A lawyer for Sony says the company will release The Interview in an act of defiance against hackers who caused the movie’s cancellation at cinemas. US President Barack Obama deems the cancellation “a mistake,” before a rather sloppy reference to Kim Jong Un as “some dictator some place”. Bit rude. Interestingly, such state-sponsored moves in the US greater validate the countries deep routed surveillance operations. 'If we don't keep an eye, North Korea will get us!'…

December 23

Sony is understood to have threatened social media giant Twitter with legal action if it doesn’t ban accounts that are sharing leaked information emerging from the recent cyberattack on Sony Pictures Entertainment. Cart. Horse. Bolted.

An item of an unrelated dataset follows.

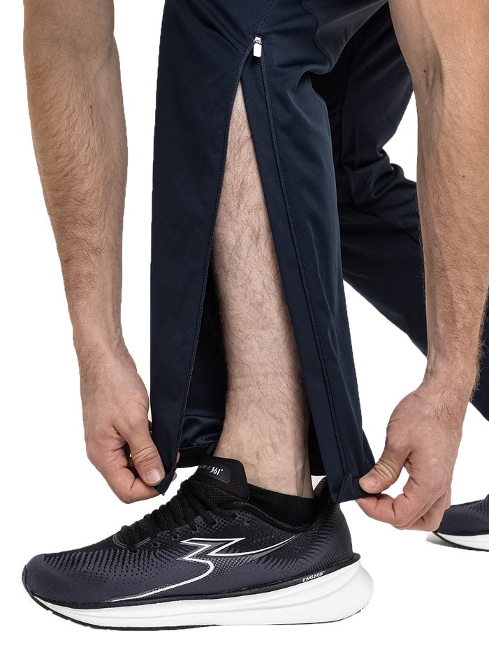 С передней стороны располагается дышащая ветрозащитная мембрана, которая эффективно защищает от холодного ветра, сохраняя тепло и комфорт в сложных погодных условиях. Регулируемый пояс позволяет настроить посадку под индивидуальные предпочтения для максимального комфорта. Молнии внизу штанин облегчают надевание и снятие штанов, особенно поверх обуви. Светоотражающие элементы повышают безопасность на тренировках в условиях недостаточной освещенности.

In a move widely assumed to be US-made, North Korea’s already limited internet access goes down for 10 hours.

December 25

Christmas Day, finally some solace … oh. PlayStation goes down once again, remaining down for several days. Again, Lizard Squad is behind this separate attack, however some solace for Sony as the FBI step in and start arresting alleged members of the group.

January 2

Sony forced to act as PlayStation users complain. “Since access to PlayStation Network was impacted during the holidays, we wanted to show our appreciation for your patience by offering all PlayStation Plus members that had an active membership or free trial on December 25th a membership extension of five days,” said Eric Lempel, vice president of Sony Network Entertainment in a blog post.

Then reports emerge that the original hackers probably still have access to Sony Pictures' online activities. Citing two people familiar with the investigation, The Wall Street Journal said investigators were unable to confirm that the hackers had been eradicated from Sony’s systems.